***** Input records
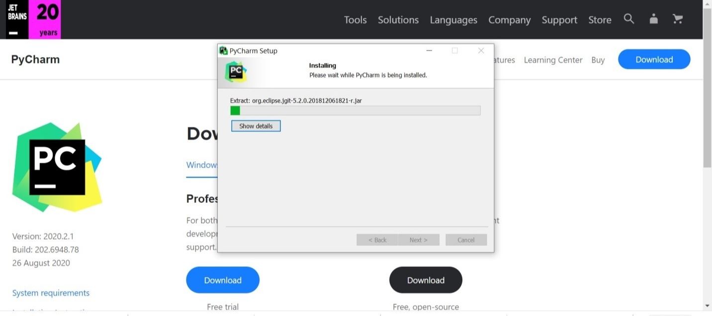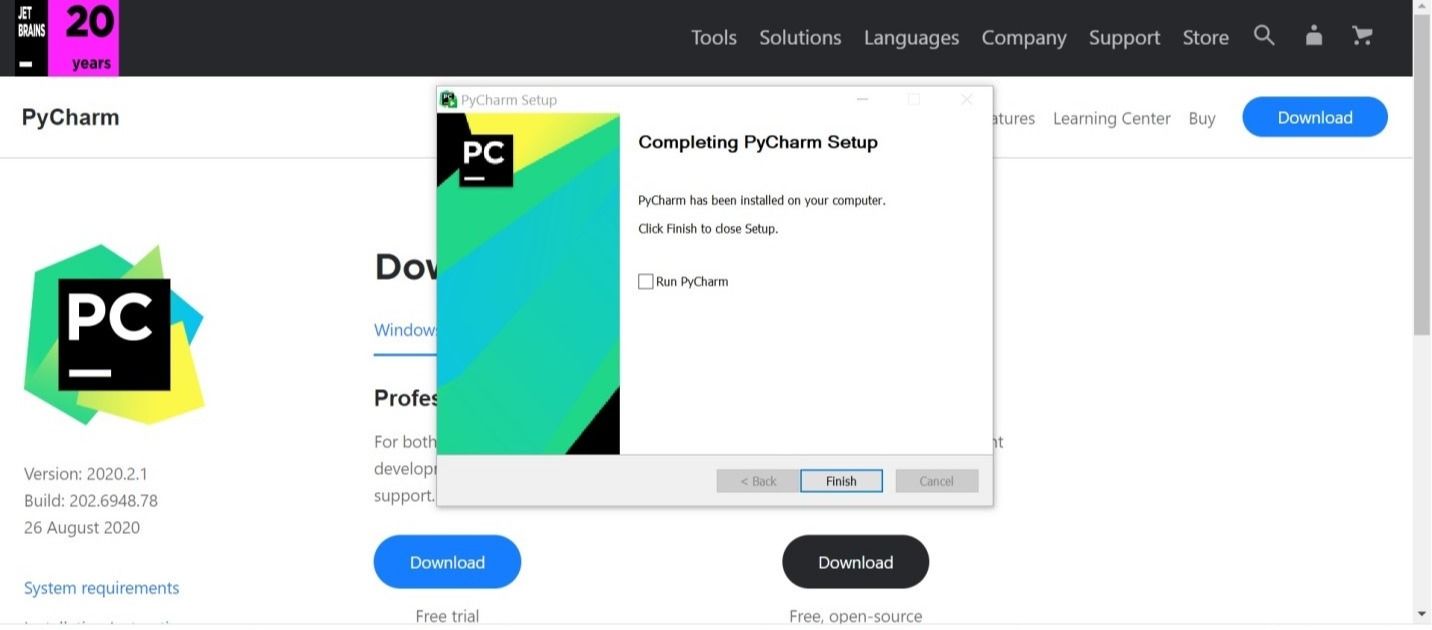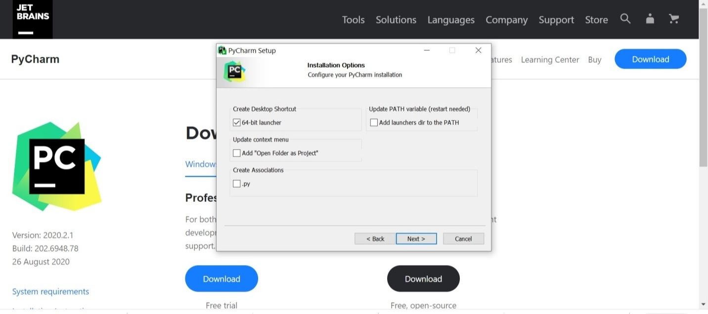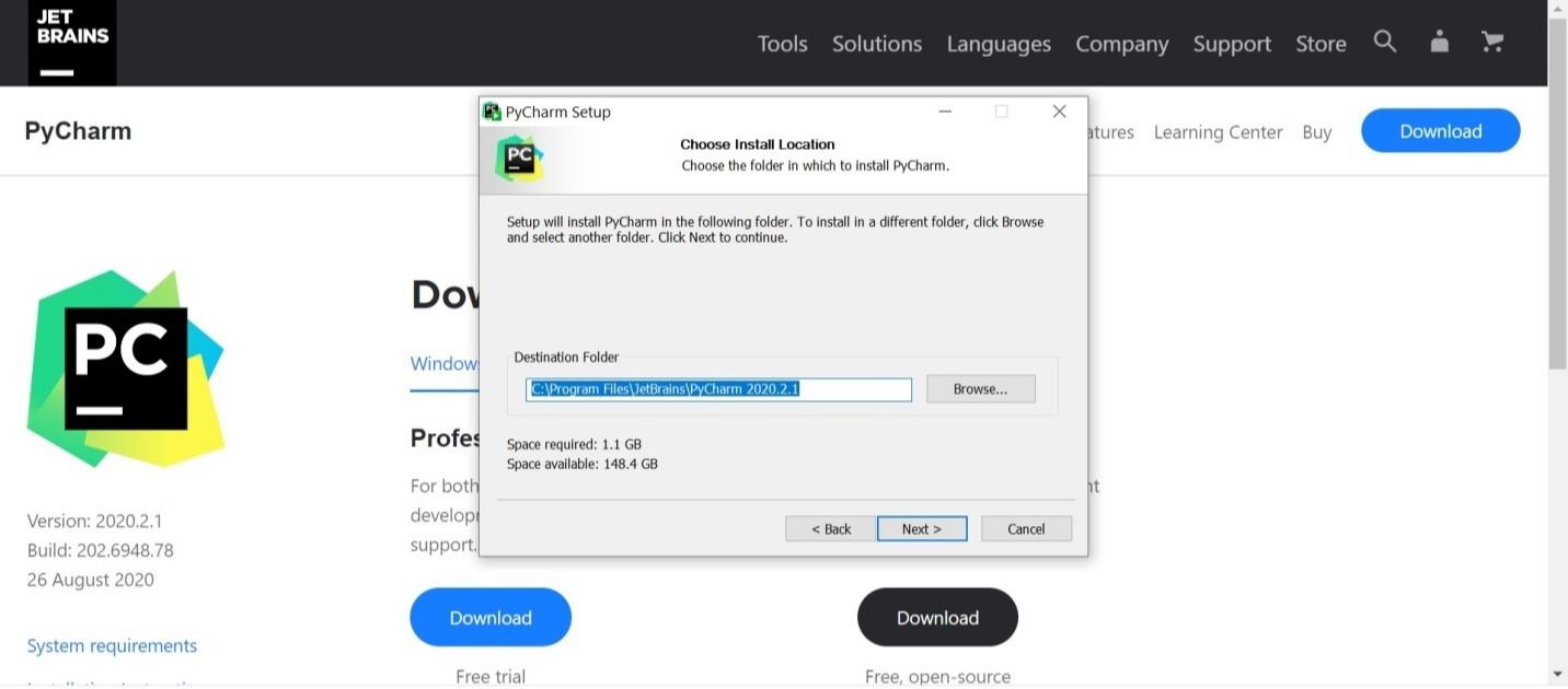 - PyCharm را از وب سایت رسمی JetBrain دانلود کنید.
**********
***** Input records
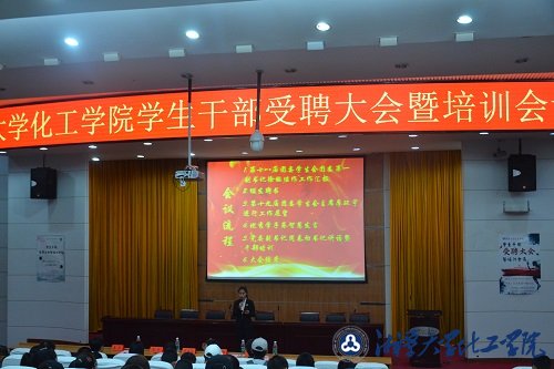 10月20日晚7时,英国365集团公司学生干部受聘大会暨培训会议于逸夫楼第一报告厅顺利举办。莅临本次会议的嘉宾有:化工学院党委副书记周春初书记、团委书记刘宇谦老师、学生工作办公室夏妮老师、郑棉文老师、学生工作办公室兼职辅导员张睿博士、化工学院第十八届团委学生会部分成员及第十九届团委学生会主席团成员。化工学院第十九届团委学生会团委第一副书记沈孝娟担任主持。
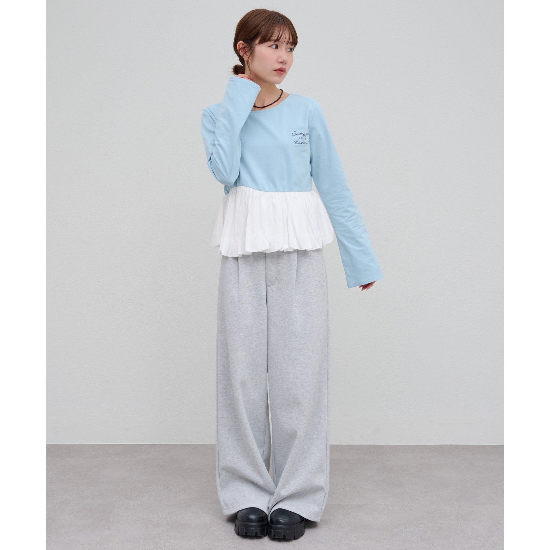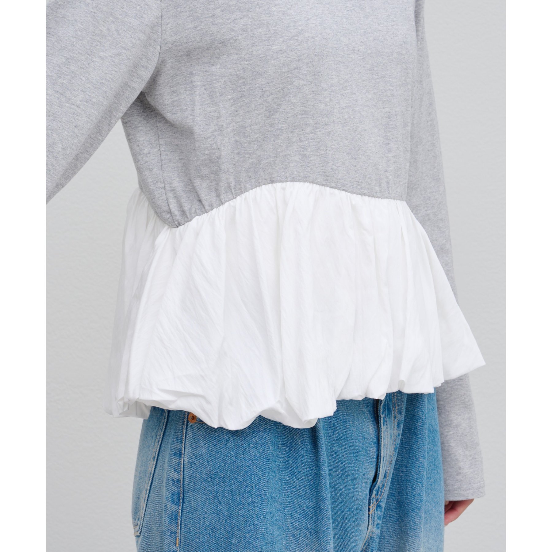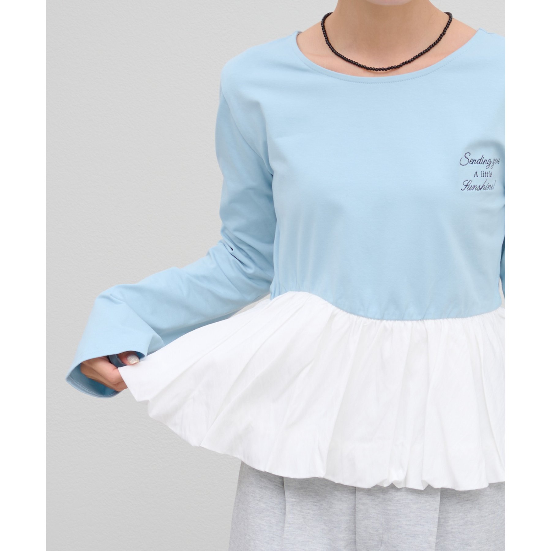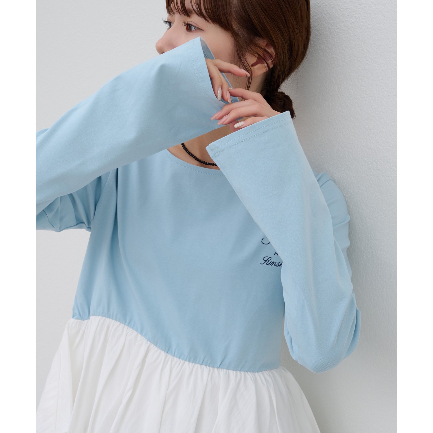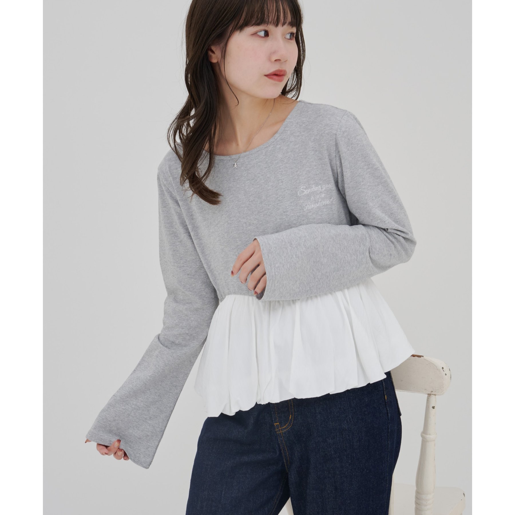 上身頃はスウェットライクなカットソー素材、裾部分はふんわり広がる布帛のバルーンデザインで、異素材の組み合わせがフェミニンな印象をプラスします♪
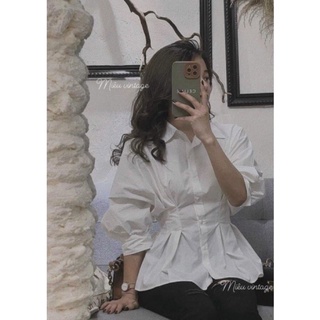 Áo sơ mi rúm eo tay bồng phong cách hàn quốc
**********
## [Activity]
Copy word for word only the lines above from the one with "10月20日晚7时,英国36" through the one with "上身頃はスウェットライクなカ". Leave pictures out.

## [Answer area]
 10月20日晚7时,英国365集团公司学生干部受聘大会暨培训会议于逸夫楼第一报告厅顺利举办。莅临本次会议的嘉宾有:化工学院党委副书记周春初书记、团委书记刘宇谦老师、学生工作办公室夏妮老师、郑棉文老师、学生工作办公室兼职辅导员张睿博士、化工学院第十八届团委学生会部分成员及第十九届团委学生会主席团成员。化工学院第十九届团委学生会团委第一副书记沈孝娟担任主持。
 上身頃はスウェットライクなカットソー素材、裾部分はふんわり広がる布帛のバルーンデザインで、異素材の組み合わせがフェミニンな印象をプラスします♪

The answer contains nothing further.